Stored data entries:
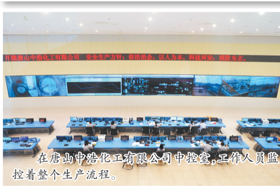
在唐山中润化工有限公司中控室,工作人员监控着整个生产流程。

有效落地,推动资本向基础产业和关键领域聚焦,逐步建成主业精强、业绩突出、结构合理的高质量发展现代化能源化工集团。
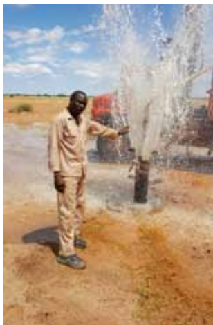
... konec novembra pa dobili potrditev, da je oprema srečno prispela na cilj in uspešno odkriva vodo.

Jammus je povedal, da so na prvem testnem vrtanju usposobili staro zamašeno vrtino, v naslednjih dneh pa bodo na podoben način osvobodili tudi druge, zaradi vojne in bežanja v begunska taborišča zanemarjene in nefunkcionalne arteške vodnjake. Nato bodo začeli iskati vodo tudi na področjih, kjer je niso našli še nikoli
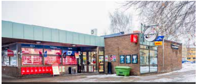
Det har alltid funnits en kiosk i byggnaden som uppfördes 1972.

– Det är bättre om man har sitt eget företag i stället för att behöva jobba för någon annan. När vi kom till Sverige bodde vi i Stockholm där jag jobbade som pizzabagare. När jag såg att kiosken i Hallstahammar var till salu flyttade jag och min fru hit till
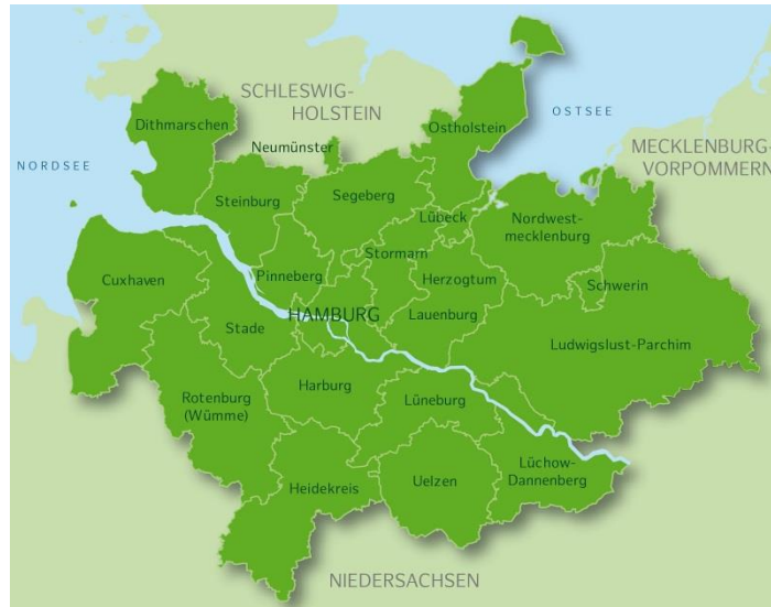
(Grafik: Geschäftsstelle der Metropolregion Hamburg)

Koordinierung der 7 Kreise und 2 kreisfreien Städte (SH) in der Regionalkooperation
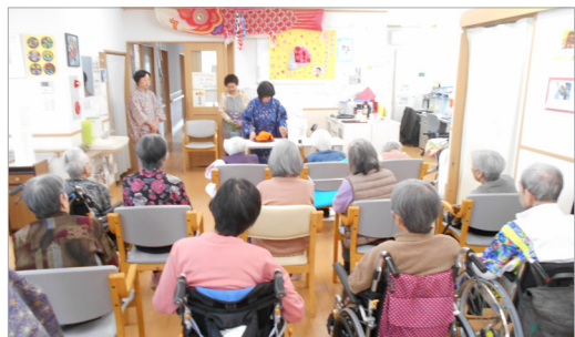
▲ボランティアの皆さん、有難うございました！

まずは、お茶を立てている様子を皆さんで見たり、水ようかんと一緒にたてていただいたお茶をいただきました。ご利用者様の年代は、若いころにお茶を習っていた方が多いようで、お茶をたててもらっている間に昔を懐かしみ、涙する方もいらっしゃいました。スタッフが思っていた
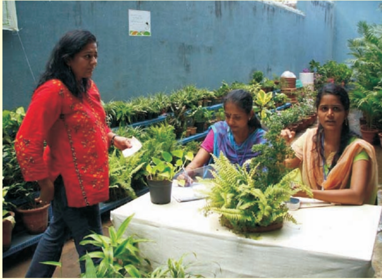
PM Booth at Reay Road office (above) and at Railway Station (below) पर्यावरण मित्र बूथ-रे रोड ऑफिस (ऊपर) तथा रेलवे स्टेशन (नीचे)
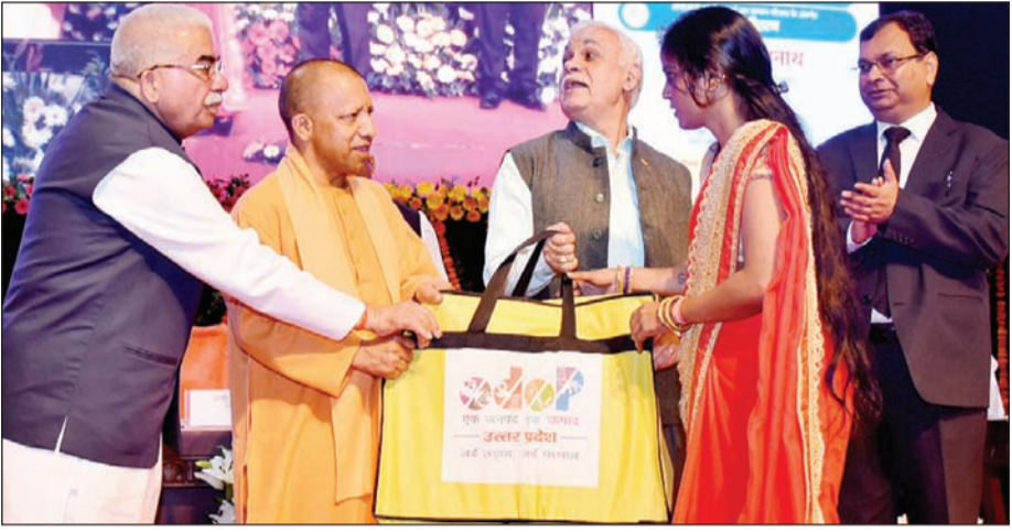
प्रदेश के सूक्ष्म, लघु और मध्यम उद्यम (एमएसएमई) के विस्तार के लिए 30,826 करोड़ के मेगा ऋण वितरण कार्यक्रम में कही। मुख्यमंत्री ने इस अवसर पर औद्योगिक आस्थानों में भूखंडों के

लखनऊ (एजेंसी)। उत्तर प्रदेश के मुख्यमंत्री योगी आदित्यनाथ ने उत्तर प्रदेश को देश के सबसे बड़े मैन्यूफैक्चरिंग हब के रूप में विकसित करने का आह्वान उत्तर प्रदेश के सूक्ष्म लघु और मध्यम उद्यम (एमएसएमई) से जुड़े उद्यमियों से किया है। मुख्यमंत्री ने घोषणा की कि इस वर्ष-2024 में भी एक बार फिर ग्रेटर नोएडा में इंटरनेशनल ट्रेड शो का आयोजन सितंबर महीने में किया जाएगा। मुख्यमंत्री ने प्रदेश भर के मैन्यूफैक्चरिंग उद्योग से जुड़े लोगों को तैयार रहने तथा अपने-अपने उत्पादों को इंटरनेशनल ट्रेड शो में प्रदर्शित करने के लिए कहा। मुख्यमंत्री ने यह बात उत्तर
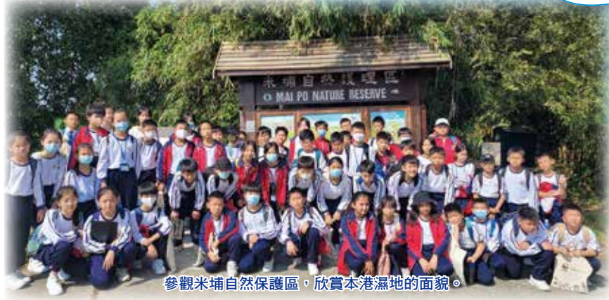
參觀米埔自然保護區，欣賞本港濕地的面貌。
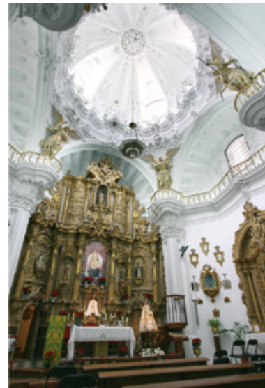
Intérieur de l'Église de Las Mercedes

Cet ermitage est à l'architecture religieuse et populaire. Elle a une façade du XVII e siècle, mais elle fut reconstruite au XVIII e siècle. Dans son intérieur, il y a une niche avec la sculpture de la Vierge avec l'Enfant Jésus et Saint Joseph. L'ermitage possède aussi une intéressante collection de tableaux des XVII e et XVIII e siècles.
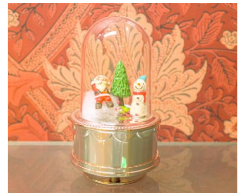
オルゴール・クリスマス・デコレーション(イメージ)

Instructions for the task:
A clean copy is needed of the lines above from the one with "Koordinierung der 7" up to and including the one with "प्रदेश के सूक्ष्म, लघु". Please set it down exactly, with no pictures.

Answer box:
Koordinierung der 7 Kreise und 2 kreisfreien Städte (SH) in der Regionalkooperation
▲ボランティアの皆さん、有難うございました！

まずは、お茶を立てている様子を皆さんで見たり、水ようかんと一緒にたてていただいたお茶をいただきました。ご利用者様の年代は、若いころにお茶を習っていた方が多いようで、お茶をたててもらっている間に昔を懐かしみ、涙する方もいらっしゃいました。スタッフが思っていた
PM Booth at Reay Road office (above) and at Railway Station (below) पर्यावरण मित्र बूथ-रे रोड ऑफिस (ऊपर) तथा रेलवे स्टेशन (नीचे)
प्रदेश के सूक्ष्म, लघु और मध्यम उद्यम (एमएसएमई) के विस्तार के लिए 30,826 करोड़ के मेगा ऋण वितरण कार्यक्रम में कही। मुख्यमंत्री ने इस अवसर पर औद्योगिक आस्थानों में भूखंडों के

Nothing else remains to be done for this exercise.